I'm not sure what that "rational discussion about why human culture is worth preserving" would look like if one agent didn't already values those things more than almost any competing concern. How much of your time do you dedicate to preserving, idk, virus culture? Random rock pile culture? Could ghonorrea or tuberculosis convince you that its presence (and use of precious resources such as human bodies) was a net positive, if it were sufficiently eloquent?

How much of your time do you dedicate to preserving, idk, virus culture? Random rock pile culture? Could ghonorrea or tuberculosis convince you that its presence (and use of precious resources such as human bodies) was a net positive, if it were sufficiently eloquent?
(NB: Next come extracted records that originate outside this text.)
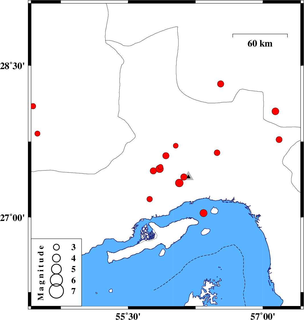 2009/09/15 | 14:44:10.4 | 19:14:10.4 | 28.05 | 57.14 | 27 | ML3.5 | Kerman Province, 55 km West of Kahnuj |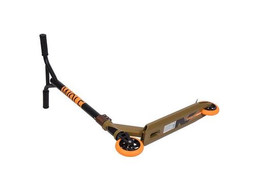 Прочная передняя вилка и усиленная платформа обеспечивают необходимую жёсткость для того, чтобы выдержать нагрузки от ударов и падений при выполнении трюков. Алюминиевые колёса с полиуретановой рабочей поверхностью диаметром 120 мм устойчивы к стиранию, обеспечивают бесшумное и плавное катание.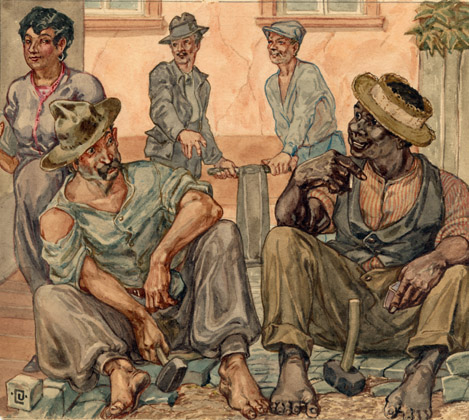 Operários de calçamento de ruas.  Aquarela. Dimensão 18 x 20cm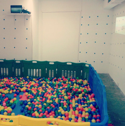 Ball pit installed in Runt Space on Open Day, with video work by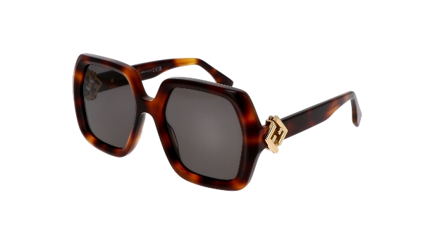 Oversized square FF Diamonds glasses in Havana acetate. Temples with functional FF Diamonds hinges in gold-coloured metal. Grey lenses.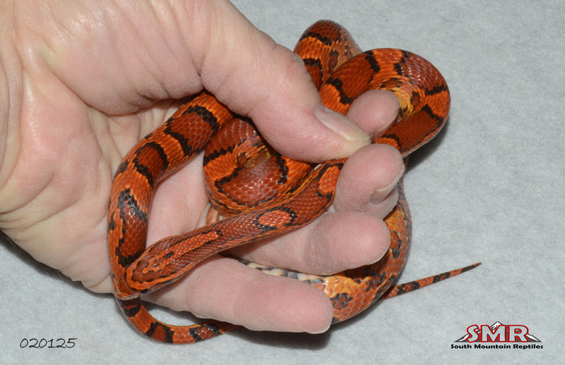 This SMR 32" Female sub-adult Red Extreme Okeetee cornsnake is currently eating frozen/thawed fuzzy mice.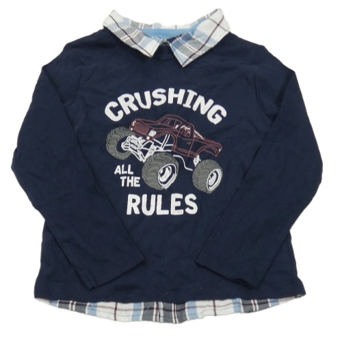 Tmavomodré tričko s monster truckem a nápismi a všitou kostkovanou košilí C&A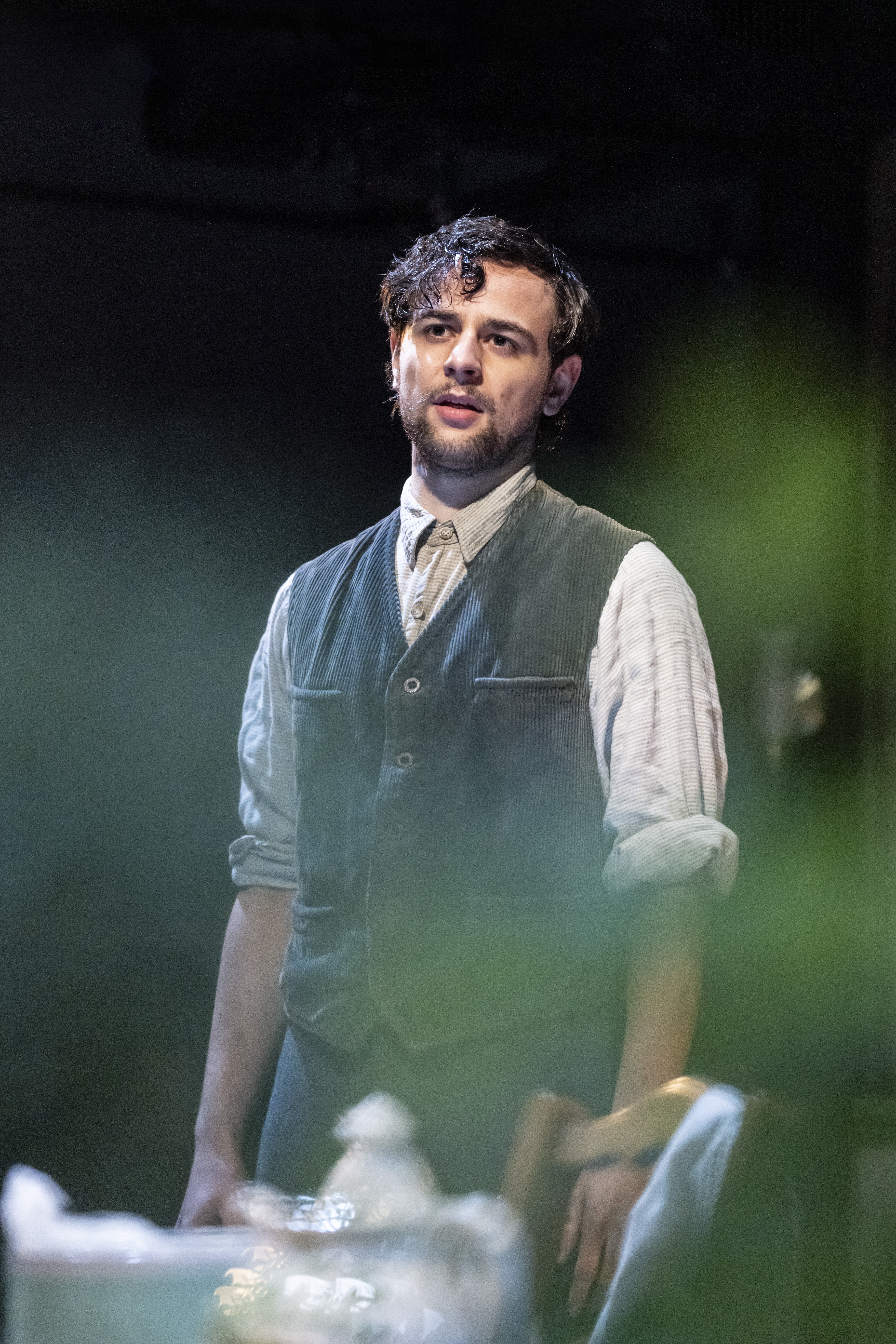 But all praise to the actors and the technical team behind the production, especially to George Blagden who holds our undivided attention throughout, tense for us and exhausting for him. His mostly-monologue of 90 minutes is interrupted only by the assistant and….

Probably? We still keep around Smallpox samples in labs purely for the potential research its genetic diversity brings. People are surprisingly passionate about random rock piles, doubly so for interesting cases [1] [2] [3] [4]. There are a few Star Trek episodes that ponder the idea of sentient parasites, for which I'd admit the answers are less clear.

Okay, but smallpox is a good example - we keep it in an entirely disempowered state, as we do for almost all wildlife. But again, if we didn't already think something was worth keeping around in the state they want to be kept in (e.g. serial killers), what could they possibly say to change our minds?